Suppose f is a modular cusp form of weight 2k. I want to show that $a_n=O(n^k)$ where $f(s)=\sum_{n=1}^\infty a_ne^{2\pi ins}$
I was reading through the proof of the statement in the following link(Theorem 1.3):
https://www2.math.ethz.ch/education/bachelor/seminars/ws0607/modular-forms/Dirichlet_Series.pdf
However, I came across the following statement in the proof:
Here $\phi(x)$ is a function defined on the upper half plane with $f$ being the modular function and $Im(s)=y$. The condition that $\phi(x)\rightarrow 0$ as $y\rightarrow 0$ only implies that $\phi(x)$ is bounded for some $y>y_0$. How does that translate to $\phi$ being bounded on the entire half plane?
Edit:
Hecke Bound for Cusp – Modular Forms
The link provides a lemma which states that $\phi(s)$ is in variant under the action of $\gamma \in SL_2(\mathbb Z)$.
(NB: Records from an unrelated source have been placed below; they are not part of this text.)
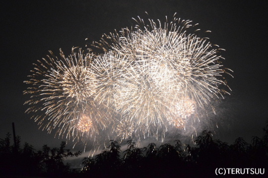 山形市西部、須川河川敷での山形花火大会。
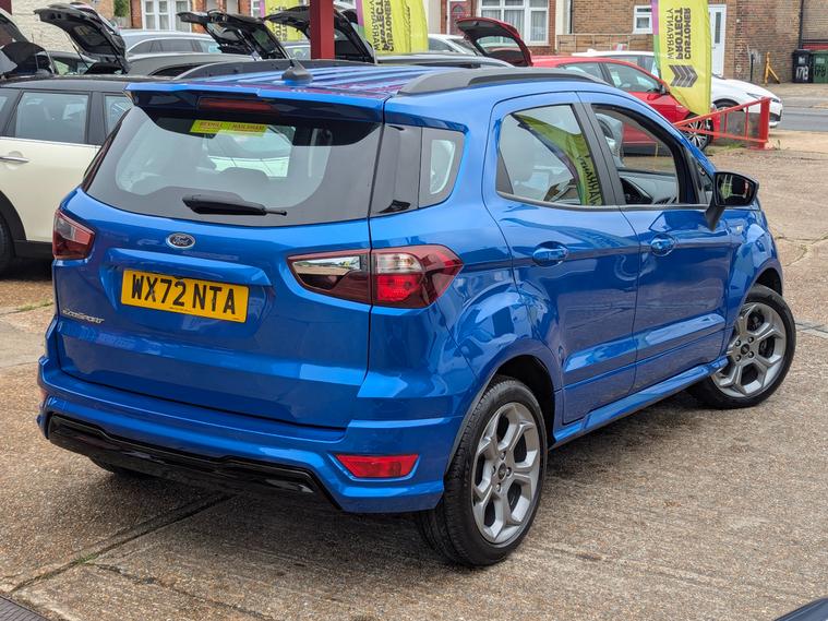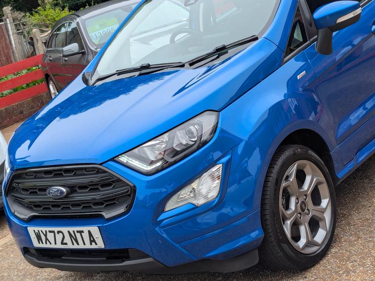 24 MONTH PARTS & LABOUR PEACE OF MIND NATIONAL WARRANTY INCLUDED IN THE PRICE. Hampden Park Motoring Centre is pleased to be offering this ULEZ compliant 2022 Ford Eco sport 1.0 Eco Boost 125 ST-Line 5dr hatchback for sale, with ONLY ONE OWNER FROM NEW and 44, 100 miles. This car comes with FULL-SERVICE HISTORY. The car will leave with an interim service, new MOT and a PDI. Finished in metallic Desert Island Blue with charcoal Alcantara sports trim which adds a touch of sophistication. **WHY BUY FROM US****Established In 1980****24 Month Warranty On All Cars Over £4500, & Those Not Covered By A Manufactures Warranty** ** All Our Cars Are Hpi Clear So You Can Buy With Confidence****Competitive Finance Rates Subject To Status****Multi Branches****Open 7 Days a Week Inc Bank Holidays****Monday - Friday - 8.30am to 6pm****Saturday - 9.00am to 5pm****Sunday - 10am to 4pm****Bank holidays 10am to 4pm**For more pictures and a walk around video please go to https:/ dealer's website call to arrange viewing and a test drive on 01323300259.Here at Hampden Park Motoring Centre, we have up to 50 cars on show, also at our Hailsham branch we have up to 50 further cars available for viewing, please call 01323300259 for more info.For more information on our Eco sport please see the benefits below as stated,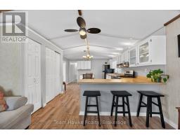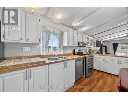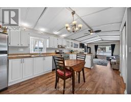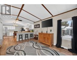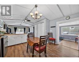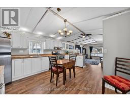 Discover easy living at Smith's Camp, a welcoming community tucked along the shores of Little Lake. This mobile home features a wide, open layout with a seamless flow through the living, kitchen, and dining areas. No narrow hallway feel. Two bedrooms, a generous 4-piece bath with in-suite laundry, and excellent outdoor space make this an ideal place to settle in. Enjoy morning coffee on the covered front porch, unwind on the covered back deck, and take advantage of several sheds for extra storage. Located minutes from amenities, waterfront recreation, and Highway 12. (Lot Fees $311.65 + Taxes $65.76) (id:50886)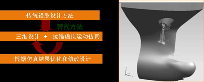 經(jīng)過與國內(nèi)行業(yè)權(quán)威設(shè)計院的合作過,并將該技術(shù)應(yīng)用于船舶建造中,對錨鏈筒、錨臺、錨唇、錨穴、錨、錨鏈、錨機、止鏈器、導(dǎo)鏈滾輪、船體等進(jìn)行三維設(shè)計和自動建模,實現(xiàn)了三維錨系計,保證了錨系設(shè)計中空間位置定位的準(zhǔn)確性,并通過三維軟件導(dǎo)出二維CAD圖紙,扭轉(zhuǎn)了一直以來二維圖紙與船廠錨系施工脫節(jié)的局面,極大提高了錨系設(shè)計的效率。除此之外,利用軟件的后期的仿真功能,模擬并預(yù)報收錨過程的動態(tài)效果并給出調(diào)整方案。

I think this means if we can find a $\gamma$ that acts by moving up every element in the half plane we are done. So does anyone have such a $\gamma$ in mind?
Best Answer
For $\gamma\in SL_2(\Bbb{R})$,$$ \Im(\gamma(z))=|cz+d|^{-2}\Im(z)$$
Thus if $f\in M_k(\Gamma)$ then $$\phi(z)=|f(z)|\Im(z)^{k/2}$$ satisfies $$\forall \gamma\in \Gamma,\qquad \phi(\gamma(z))= \phi(z)$$ Whence it suffices that $\phi$ is bounded at the finitely many cusps (which happens when $f$ is a cusp form) to get that it is bounded everywhere.